The extent of infection in the CNS produced by each strain of virus was initially assessed with tissue processed for immunoperoxidase localization of viral antigens with the rabbit anti-PRV polyclonal antiserum that recognizes all strains of PRV used in this study. Immunoperoxidase localizations were then conducted with tissue from each animal by using the gI and β-galactosidase monoclonal antibodies. Coinfection of neurons in animals inoculated with PRV-D and PRV-BaBlu was determined by using dual-label immunofluorescence localizations. The gI glycoprotein was identified with the secondary antibody conjugated to FITC or CY2 to produce green fluorescence, and β-galactosidase was identified with the CY3-conjugated secondary antibody to produce red fluorescence. Fluorophors in each sample were excited with the appropriate filters, and infected neurons were photographed with Kodak Ektachrome 160 color film or images were digitized and analyzed with a Simple 32 image analysis system (C-Imaging Systems). Dual-labeled images were collected by dual exposure of the same frame of color slide film and by digitizing images of sections illuminated with a filter cube that excites both CY2 and CY3 (Omega). Examination of tissue with high-magnification objectives (20× to 40×) provided assurance that yellow fluorescence was due to colocalization of both fluorophors rather than to overlap of cells differentially infected with different viruses.
RESULTS
Our goal was to define basic parameters that would facilitate the use of two recombinant viruses expressing unique reporters for the definition of complex synaptic arrangements in neuronal circuitry. Accordingly, we sought to determine if prior infection of neurons with one strain of virus rendered neurons resistant to infection by a second strain. We found that differences in virulence and rate of invasion of visual and autonomic circuits by the two recombinant viruses markedly affected the ability of the two viruses to establish a double infection.
Virulence parameters.
Clear differences in the virulence of infections produced by PRV-Bartha and by the recombinant viruses were apparent in both visual and autonomic circuitry (Fig. 3). Although PRV-D and PRV-BaBlu are derived from PRV-Bartha, PRV-D was more virulent than PRV-Bartha, which, in turn, was more virulent than PRV-BaBlu. This rank order of virulence was the same for both experimental models even though they involve infection of different populations of neurons.
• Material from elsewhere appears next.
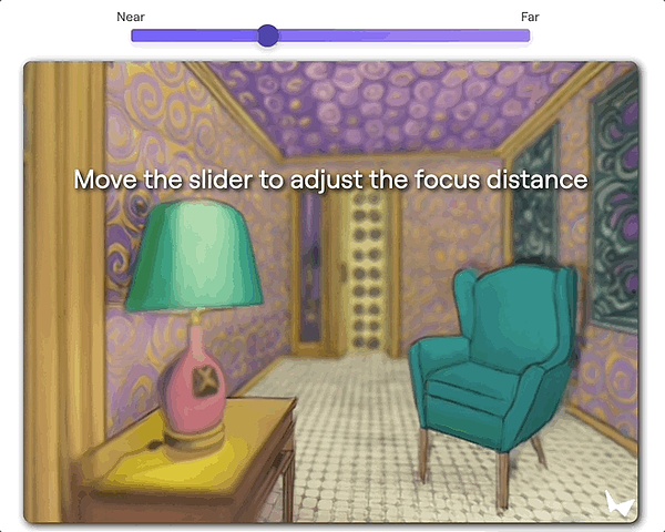 这些场景在浏览器中实时渲染,配备了可控的摄像机效果和可调节的模拟景深(DoF)。

The reduced virulence exhibited by PRV-BaBlu was characterized by extended survival and delayed appearance of symptoms of infection. This occurred despite the fact that the titer of the parental virus was slightly higher than that of PRV-BaBlu (2.8 × 109 versus 4.75 × 108 PFU/ml), making the point that the differences in virulence could not be attributed to differences in the concentration of the injected virus. Animals with eye infections routinely survived for 120 h with no overt symptoms of infection. Four animals did not exhibit symptoms of infection prior to 132 h. Two of these rats were killed to document the extent of viral infection at 140 and 141 h postinoculation. The other two animals died without overt symptoms at 135 and 144 h. This contrasted with the appearance of symptoms and mortality in animals infected with PRV-Bartha. These animals exhibited symptoms of infection at approximately 105 h after inoculation and did not survive beyond 125 h.
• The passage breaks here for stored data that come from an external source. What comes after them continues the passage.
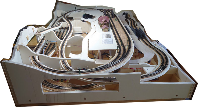Die Anlage könnte eine Berglandschaft im Voralpenland darstellen. Es ist mehrfach verschlungener "einfacher" Kreis mit einem dreigleisigen Schattenbahnhof und zwei zusätzlichen Abstellgleisen. Im Hauptbahnhof gibt es drei Durchfahrtsgleise und ein kleines Abstellgleis. Der Bau des Rahmens mit den Spanten, welche im Februar 2021 begann, ist abgeschlossen. Verwendet wird für die Hauptbahn auschließlich das Gleissystem von Märklin. Die Gleise mit 4,5mm Spurweite für die Bergbahn fertige ich mir selbst an.
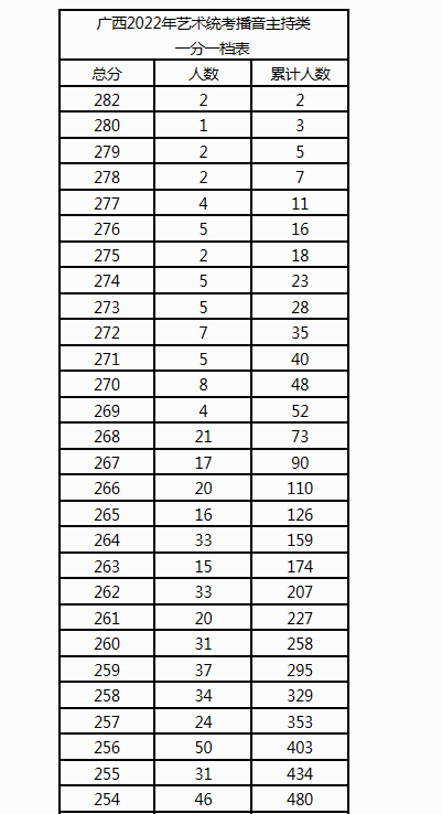 【#艺术高考# 导语】©文档大全网从广西招生考试院了解到,广西2022年艺术统考播音主持类一分一档表,具体如下:
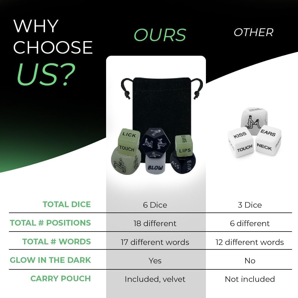 - 🌟 GLOW IN THE DARK: 3 of the dice glow in the dark for lights-out foreplay, two dices for warm-up, and one for positions.
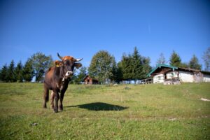 Murnau-Werdenfelser Rinder weiden in den Sommermonaten im Glentleitner Almgelände. Sie waren einst in unserer Region weit verbreitet, sind heute aber im Bestand stark gefährdet. Bildquelle: Bezirk Oberbayern, FLM Glentleiten, Foto: Ralf Gerard.
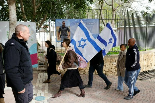 Hundreds of onlookers clutching Israeli flags had lined the roads as a convoy carrying Gvili’s body headed from the military base Camp Shura in central Israel towards Meitar under an overcast sky.
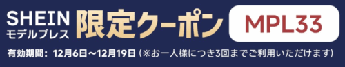 | MPL33 | 10,000円以上25%OFF 6,000円以上20%OFF 3,000円以上15%OFF | 2025年 12月19日 | モデルプレスクーポン 1人3回まで使用可能 |

A similar difference in virulence was observed when PRV-Bartha and PRV-BaBlu were injected into the stomach to produce a retrograde infection of the caudal brain stem. However, the appearance of symptoms was more rapid than that documented in animals infected through visual pathways. Animals infected with PRV-Bartha exhibited symptoms at approximately 90 h after injection and did not survive beyond 110 h. In contrast, no symptoms were observed prior to 105 h after identical injection of PRV-BaBlu. The single animal that was allowed to proceed to death in this paradigm died suddenly at 130 h with only moderate overt symptoms of infection. Considered with the visual system data, these findings indicate that insertion of the β-galactosidase gene at the gG gene locus of PRV-Bartha had the effect of delaying the onset of symptoms and extending survival by approximately 20 h. Whether this phenotype is due to the lack of gG, to effects of the lacZ insertion on adjacent genes (Us3 or gD gene), or to a direct effect of β-galactosidase expression is not clear at this time.
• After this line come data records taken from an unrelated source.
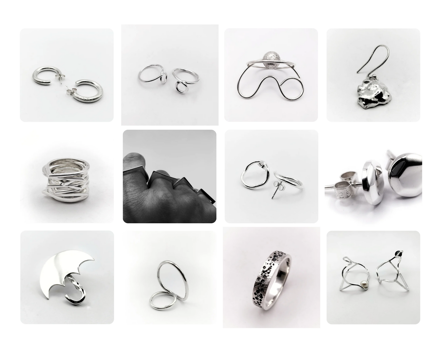 Ce sont des bijoux contemporains en argent massif complètement mixtes. J’aime m'inspirer du système solaire et intégrer du mouvement dans mes créations. Mes pièces sont souvent imposantes et non conformistes, tantôt figuratives tantôt abstraites où la torsion du métal s’exprime.
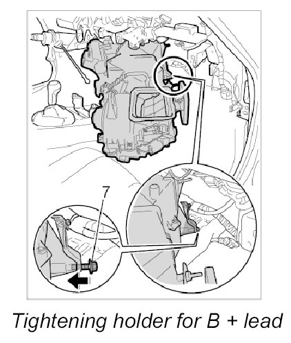 3. Position holder for the B+ line on the heater/air-conditioning unit and tighten with the fastening screw -7-. Tightening torque: 1.7 Nm (1.5 ftlb.)
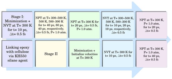 The equilibrium protocol of Figure 1 is applied to the molecular models clarified in Figure 4a,b. The protocol includes two stages to eliminate voids from the molecular models, both before and after the crosslinking process. The molecular models are compressed by applying the first stage of the equilibrium protocol. Then, the epoxy matrix is crosslinked with a crosslinking saturation of 50% applied to DGEB-F monomers using the crosslinking algorithm implemented in the Schrödinger 2021-2 software. The crosslinking process of the epoxy matrix is based on the NVT ensemble at T = 800 K and P = 1.0 atm for a total simulation time of 20 picoseconds with t = 2.0 femtoseconds. The amine ends of KH550 and TETA are crosslinked with the monomers of DGEB-F according to the reaction clarified in Figure 3b. If the epoxy matrix is reinforced with raw cellulose, then the hydrogen noncovalent bonds are considered at the interface between cellulose and epoxy. However, in epoxy/silylated cellulose composites, the silane coupling agents of hydrolyzed KH550 form covalent bonds with cellulose through their silane ends on one side and connect the silylated cellulose to DGEB-F through their amine ends on the other side. After the crosslinking process is complete for epoxy and cellulose, the second stage of the equilibrium protocol is carried out to eliminate the voids generated by the formation of bonds between molecules.

PRV-D was more virulent than the parental strain or PRV-BaBlu in both circuits (Fig. 3). Animals exhibited symptoms at approximately 80 h after inoculation, and no animal survived longer than 95 h, irrespective of whether virus was injected into the eye or stomach wall. Additionally, the symptoms exhibited by PRV-D-infected rats were quite similar to those produced by the virulent Becker strain of PRV. For example, oral and nasal excretions were much more pronounced in these animals than in rats inoculated with PRV-BaBlu or PRV-Bartha. It is likely that the increased virulence of PRV-D results from the expression of gI, Us9, or Us2, the genes for which are absent in PRV-Bartha and PRV-BaBlu.
As expected, when animals were coinfected with two viruses that differed in virulence, the animal exhibited the virulence parameters of the most virulent strain. This was true in every model tested (Fig. 3).
Single infections.
In single-injection paradigms, the time course of anterograde or retrograde transynaptic spread of PRV-D into the CNS was at least 24 h faster than that for PRV-Bartha or PRV-BaBlu. PRV-D-infected animals also died sooner. However, it is important to point out that recent data have shown that PRV virulence does not always correlate directly with the extent of viral invasion (46).
(i) Anterograde transneuronal infection.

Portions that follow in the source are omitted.